Thanks HK & Syrilvn. Baby betta is a pint sized rescue with a large personality, lol. His (just guessing gender since I really don't know yet) flaring is really just him facing whatever he's flaring at & sort of scrunching up his body a little. I'm going to post pics in the official baby betta thread either later today or tomorrow. 

BTW, thanks to everyone posting about baby bettas. It helped me take care of this guy little immensely.


----------



## xShainax (Feb 11, 2012)

I have 2 flaring pictures I love


----------



## Skyewillow (Dec 28, 2012)

Oh my, Fishy Mom, he looks awful skeery!! ;-)

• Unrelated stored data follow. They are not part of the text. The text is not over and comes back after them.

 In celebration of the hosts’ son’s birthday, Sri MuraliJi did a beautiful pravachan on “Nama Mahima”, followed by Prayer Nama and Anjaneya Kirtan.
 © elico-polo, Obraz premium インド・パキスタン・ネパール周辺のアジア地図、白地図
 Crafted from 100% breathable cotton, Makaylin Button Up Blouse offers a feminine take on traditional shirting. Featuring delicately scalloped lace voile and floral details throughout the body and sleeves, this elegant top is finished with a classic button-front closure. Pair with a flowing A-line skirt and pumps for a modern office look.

I have a male who doesn't do the whole "gill plate" thing when he flares, he just goes all stiff and rigid! lol









This is one of my petco babies... He's not such a baby anymore! :-(








Super vicious Skerries!!


----------



## Fishy Mom (Feb 11, 2013)

Skyewillow, the first pic is so funny. It's like he's thinking "yeah, a finger is not worth a full flare". LOL. Your petco baby turned out to be a beauty.


----------



## Skyewillow (Dec 28, 2012)

Mushu just doesn't flare. I've seen his beard ONCE since I got him in October lol!

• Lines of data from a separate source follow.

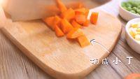 4.放入一个番茄、玉米粒、青豆、火腿粒、胡萝卜粒,加入橄榄油、盐、黑胡椒粉。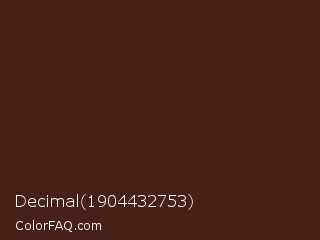 Decimal 1904432753 Color is a very dark red color and the nearest color is Brown Derby #492615. Hex code #482017 and RGB value is rgb(72,32,23). In RGB color space, this color is composed of 28% red, 13% green, 9% blue, In CMYK color space, this color is composed of 0% cyan, 56% magenta, 68% yellow , 72% black , In HSL color space, this color has a hue angle of 11° , 52% saturation and 19% lightness.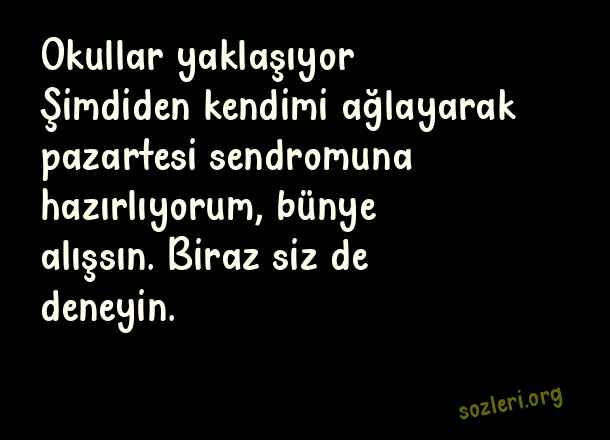 Okullar yaklaşıyor… Şimdiden kendimi ağlayarak pazartesi sendromuna hazırlıyorum, bünye alışsın. Biraz siz de deneyin. ( Okulların Açılması İle İlgili Komik Sözler )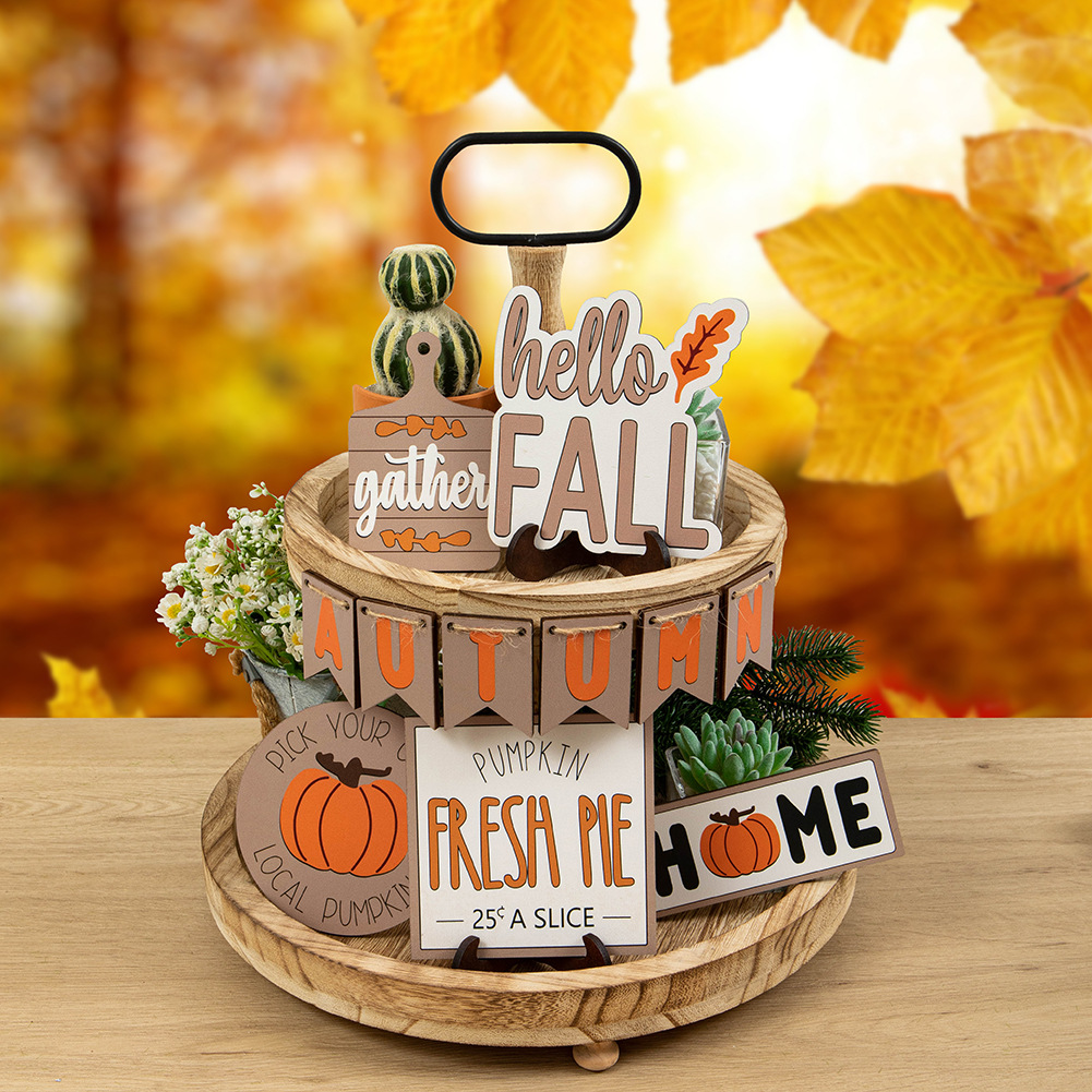 感謝祭のレイヤードトレイデコレーションセットハローフォールホームサインカボチャ木製装飾オーナメント

they have some great fish trapped in those cruddy little cups!


----------



## Fishy Mom (Feb 11, 2013)

Mushu has the grumpy old man face perfected though, lol.


----------



## Elliriyanna (Jan 25, 2013)

I love this thread ... My boy really doesnt flare though


----------



## Skyewillow (Dec 28, 2012)

Fishy Mom said:


> Mushu has the grumpy old man face perfected though, lol.


Very much so! lol Hu's is just as bad.


----------



## emeraldmaster (Sep 6, 2012)

These pictures are amazing!!!


----------



## fleetfish (Jun 29, 2010)

Nipper has a thing for my girl Sparkle. Sparkle's having none of it and flares right back at him most of the time ^__^


----------



## Syriiven (Aug 15, 2012)

Awww~ I have a pair like that right now ^^; 

Nipper is a fantastic shade of yellow though =D Wow


----------



## Elliriyanna (Jan 25, 2013)

Finn HATES his thermometer lol


----------



## Skyewillow (Dec 28, 2012)

Finn says "RAWR!!"

Here's Skerries scaring the mirror!


----------